Reinforcement Learning Integration
The Epsilon-Greedy Bandit Agent
FileSense has permanently evolved from a static script to an adaptive intelligent system. I integrated a Reinforcement Learning (RL) agent based on the Epsilon-Greedy Bandit algorithm.
Core Logic
The agent’s goal is to maximize Accuracy while minimizing Latency and API Costs. It achieves this by dynamically choosing between three operating policies for every file it encounters:
| Policy |
Threshold |
Allow GenAI? |
Description |
| A |
0.45 |
Yes |
Conservative. Requires high similarity to exist. Uses API frequently for new concepts. |
| B |
0.40 |
Yes |
Balanced. A middle ground between strictness and autonomy. |
| C |
0.35 |
No |
Efficient. Aggressive vector matching. Strictly forbids API calls to ensure speed. |
The Learning Loop
- State: The system observes a new file.
- Action: The Agent selects a policy (A, B, or C).
- Exploration: Tries random policies to discover new efficiencies (Epsilon = 10%).
- Exploitation: Chooses the best-known policy for reliability (90%).
- Reward:
- +1 (Success): File was sorted correctly without manual intervention.
- 0 (Failure): File required manual sorting or API failed.
The Rate Limit Bottleneck (Why paused)
While the RL architecture is sound and fully implemented, I hit a hard external constraint during real-world testing.
The Conflict: RL Speed vs. API Limits
Reinforcement Learning requires rapid feedback loops (trial and error) to converge on an optimal policy.

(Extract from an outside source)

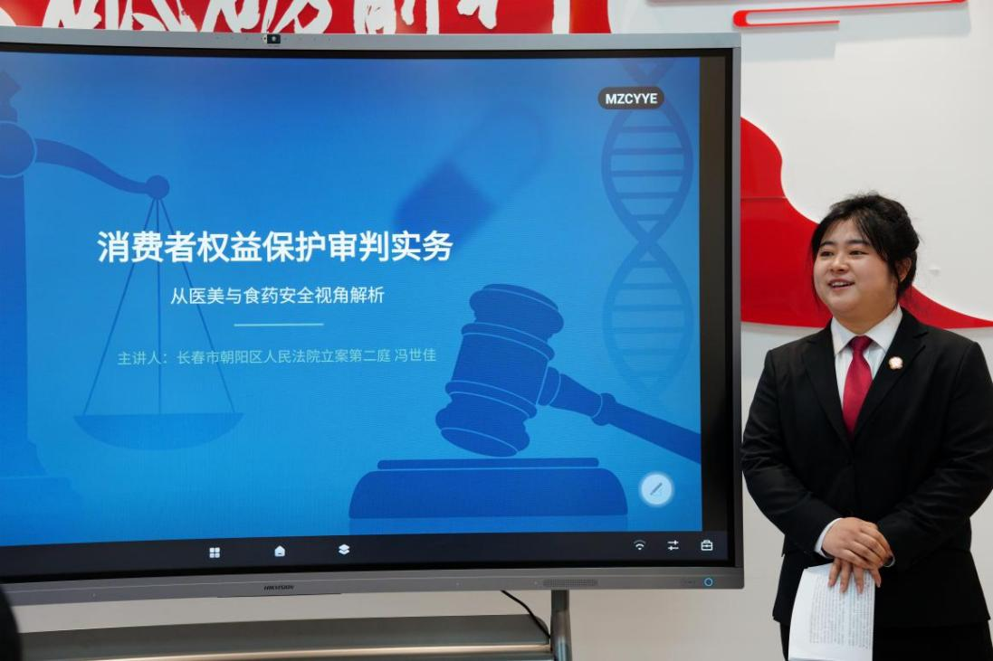 在新民社区,长春市朝阳区人民法院尹昱皓、冯世佳法官以“医疗美食,关乎你我”为主题,围绕《消费者权益保护法实施条例》展开深入解读,结合医疗美容、食品药品安全等领域的司法审判实务,通过以案释法的方式,帮助同学们识别消费陷阱、掌握维权方法,让法治为消费安全保驾护航。

However, the free tier of Google Gemini API imposes severe rate limits (~15 RPM or fewer depending on load).
Evidence from Logs:
Error: 429 RESOURCE_EXHAUSTED ... limit: 20 requests/day ... Please retry in 43.82s
When the RL agent attempted to “Explore” (use GenAI) or when valid files needed labeling, the API would block the request for 40–60 seconds. This destroyed the reward signal:
- The Agent successfully prioritized Policy C (No API) because it was the only one that didn’t crash.
- However, GenAI is still required for unknown files and cannot be disabled entirely.

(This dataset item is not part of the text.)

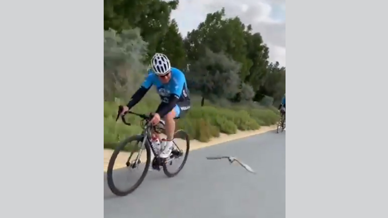 بالفيديو.. طائر يشارك الدراجين في طواف الإمارات

Conclusion: The Architecture works, the Infrastructure failed.
The RL implementation correctly identified API calls as expensive. The issue was infrastructure-level latency, not algorithmic design.
Architectural Refinement: Event-Only Logging
The system now follows a strict event-first design:
- File processing only emits immutable
served events
- Rewards are not computed inline
- Policy updates are deferred to an explicit rebuild phase
This ensures determinism, thread safety, and auditability.
Offline Policy Rebuild
Policy learning is performed via:
scripts/RL/rebuild_policy_stats.py
This script:
- Reads historical events
- Computes rewards
- Rebuilds policy statistics from scratch
This batch-oriented approach avoids inconsistent partial updates and enables reproducible learning.
👤 Manual Feedback Control
Feedback and learning are intentionally manual:
- Prevents silent policy poisoning
- Ensures user intent
- Supports multi-user environments
A single command can now:
- Apply feedback
- Rebuild policy stats
- Update future policy selection
This design mirrors production ML telemetry systems.